これは、経済産業省が「平成26年情報処理実態調査」の結果として2015年6月4日に公表したデータだ。
この調査は国内企業のIT活用の実態を把握するため毎年行われているものだが、今回の調査報告では特に“攻めのIT”に関するデータが強調されている。新たなビジネスチャンスをつかむIT活用を意味するこの言葉が使われるようになって久しいが、まだまだ消極的な日本企業のIT活用に、警鐘が鳴らされた格好だ。
経産省は5月にも東京証券取引所と共同で、ITによる改革に積極的に取り組む企業「攻めのIT経営銘柄」を発表している(関連記事)。国として、今「攻めのIT」を推進するのはなぜなのか、経済産業省 商務情報政策局の石川正樹審議官に聞いた。
「ITを戦略的に活用できない企業は“消えていく4割”にまわってしまう……そんな危機感を持っています」――国を挙げて“攻めのIT”を推進する背景について、石川氏はこう話す。
この“4割”とは、先日、米Cisco SystemsのチェンバースCEOが発して話題になった「10年後までに、今ある企業の4割は姿を消す」という言葉だ。ビッグデータやIoTなど、ITの発展とともに企業の競争環境が大きく変化している今、IT活用への姿勢が企業の生死を分けるというのだ。
過去の調査でも、企業のIT投資と生産性の間には、相応の相関関係が認められるという結果が出ている。しかし、IT投資において重要なのは金額以上にその内容、そして企業の経営戦略における位置付けだ。その点において、欧米に比べて日本企業は大きく改善の余地があるというのが、経産省の見立てである。
「日本の企業では、IT投資の多くがメンテナンスの経費として、経営層のチェックなしで淡々と支出されているケースが多いようです。役所で言えば、水道代や電気代と同じような扱いということですね。あらゆるデータやアンケートを見ても、経営課題におけるITの重要度は低く、それが過去10年くらい変わっていないのです」(石川氏)
JEITAとIDCの調査でもIT投資への意識の低さが見て取れる。

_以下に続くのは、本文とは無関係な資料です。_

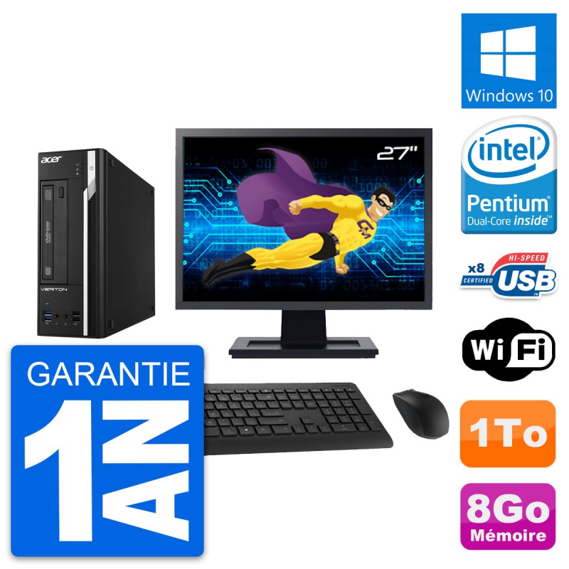 PC Acer Veriton X2632G SFF (slim) - Intel Pentium Dual-Core G3220 3.0 Ghz (3 Mo) - 8 Go DDR3 - Disque Dur 3,5" 1 To - Clef Wifi USB - Graveur DVD - Windows 10 - Livré avec Ecran 27" + clavier + souris (Marques et modèles variables) - Garantie 1 an.
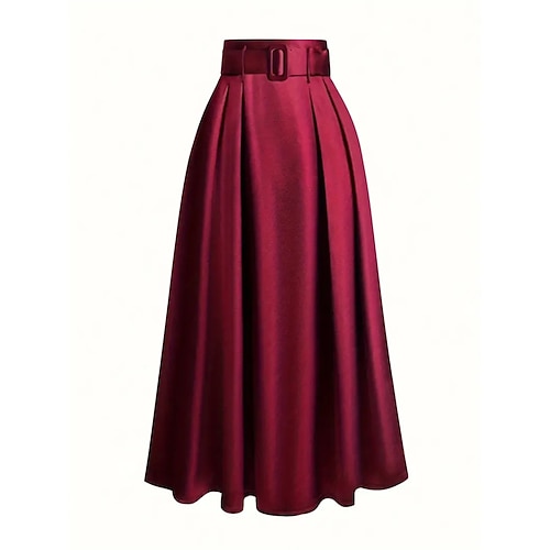 Per donna Gonna Moda Maxi Vita Alta Gonne Semplice Pieghettato Micro-elastico Quotidiano Data Vinaccia Nero Rosa Verde scuro Primavera Seta come il raso Poliestere

日米を比較すると、日本では手作業で行っていた業務をITに置き換えるといった業務効率化やコストダウン的な用途、すなわち「守りのIT」への投資が主眼であるのに対し、米国では製品・サービスの開発強化やビジネスモデル変革といった「攻めのIT」への投資の割合が大きい(下図)。その背景には、経営層がITの重要性を認識しているかという点に違いがあるとみられる。
「日本では、『ITのことは自分の専門外だから担当者に任せる』という経営者が多い。IT部門も、CIOが情報システム管理の責任者のような位置付けで、会社の経営戦略について社長と密に話す機会がないケースが多いようです」(石川氏)

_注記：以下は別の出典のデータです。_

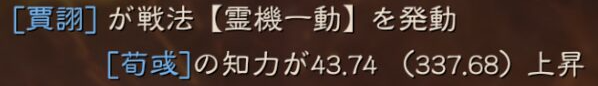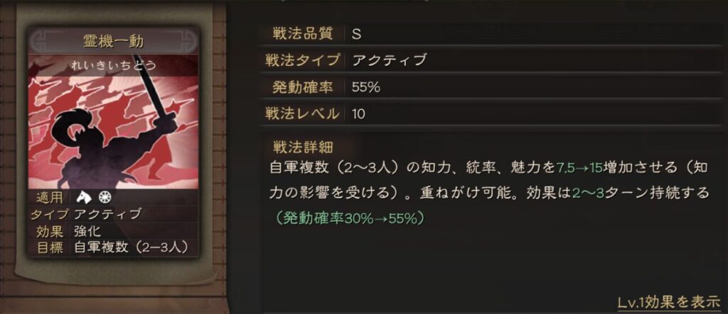 知力421.28で35.82統率が上がります。発動確率も高いので知力の高い周瑜と相性がよさそうです。

CIOという肩書が名ばかりの管理者になっていないか、役員や重役の中にIT担当/IT戦略担当がいるか。こうした点からも、企業がITを経営課題に挙げているかが分かると石川氏は言う。
「米国でITが企業戦略上で重要な位置付けにあるのは、経営者のスキルとしてITが必須のものとなっているからでしょう。今の日本でそうなっていないのは、経営者のキャリアパスなど国ごとの事情があるので仕方ありません。ですが、これからはITを社長レベルの問題として捉え、“攻めのIT”へと切り替えていく必要があります」(石川氏)
とはいえ、日本にも攻めのITに積極的に取り組んでいる企業はある。実態を調査する中で、経営会議の前半30分は必ずIT関連の話をする企業や、“社長候補”に必ずIT部門を経験させる企業など、ITを戦略的に活用するために、経営トップが中心になって動いている企業も少なくないことが分かったそうだ。